Problem statement → Exclude all images and print the entries below exactly.

[Supplied entries — start]

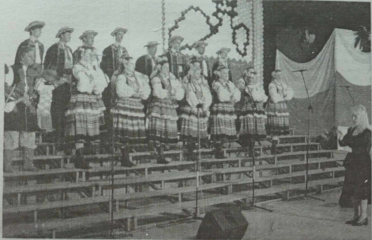
Śpiewa ludowy zespół pieśni i tańca „Wilia”.
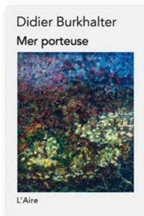
DIDIER BURKHALTER: "Mer porteuse". Éditions de L'Aire, 2018, 194 págs., CHF 24.-, Euro 24.-

Mer porteuse , tercera obra de Didier Burkhalter, surgió junto al lago de Neuchâtel; su prosa poética nos cuestiona sobre la ascendencia y la fuerza de nuestras raíces familiares. El personaje central de esta historia de un niño abandonado es el Atlántico, símbolo de separación, pero también de unión entre las personas. El libro del ex Consejero Federal es de estilo agradable, como en ese fragmento donde los penachos de humo de un transatlántico conectan el buque con el cielo, "como si temiese ser tragado por las profundidades". ¿Sus puntos débiles? Una cierta pesadez o ampulosidad en la formulación, en virtud de la cual la indiferencia no puede ser sino "sobrecogedora" y, obviamente, será un "océano de desesperanza" el que termine sumergiendo a uno de los personajes de la novela.
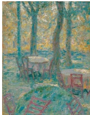
Ivan Grohar. Le Jardin de Stermaje. 1907 National Gallery, Ljubljana
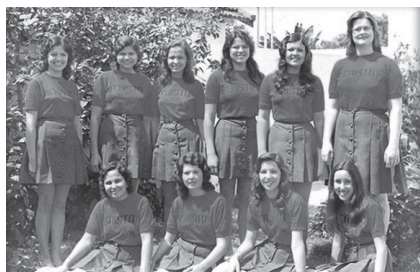
Cristo é Real (IP Carangola)
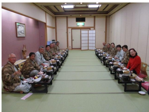
＜草津温泉 ホテル櫻井＞
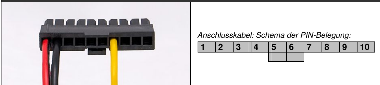
Anschlusskabel mit Ansicht der Kabelseite

Es ist zu gewährleisten, dass auch nach ausschalten der Zündung das Spannungspotential zur Verfügung steht.
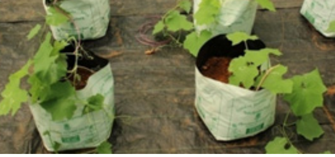
बीज आवरण तकनीक द्वारा सब्जियों को उत्पादन

[Supplied entries — finish]

Your response →
Śpiewa ludowy zespół pieśni i tańca „Wilia”.
DIDIER BURKHALTER: "Mer porteuse". Éditions de L'Aire, 2018, 194 págs., CHF 24.-, Euro 24.-

Mer porteuse , tercera obra de Didier Burkhalter, surgió junto al lago de Neuchâtel; su prosa poética nos cuestiona sobre la ascendencia y la fuerza de nuestras raíces familiares. El personaje central de esta historia de un niño abandonado es el Atlántico, símbolo de separación, pero también de unión entre las personas. El libro del ex Consejero Federal es de estilo agradable, como en ese fragmento donde los penachos de humo de un transatlántico conectan el buque con el cielo, "como si temiese ser tragado por las profundidades". ¿Sus puntos débiles? Una cierta pesadez o ampulosidad en la formulación, en virtud de la cual la indiferencia no puede ser sino "sobrecogedora" y, obviamente, será un "océano de desesperanza" el que termine sumergiendo a uno de los personajes de la novela.
Ivan Grohar. Le Jardin de Stermaje. 1907 National Gallery, Ljubljana
Cristo é Real (IP Carangola)
＜草津温泉 ホテル櫻井＞
Anschlusskabel mit Ansicht der Kabelseite

Es ist zu gewährleisten, dass auch nach ausschalten der Zündung das Spannungspotential zur Verfügung steht.
बीज आवरण तकनीक द्वारा सब्जियों को उत्पादन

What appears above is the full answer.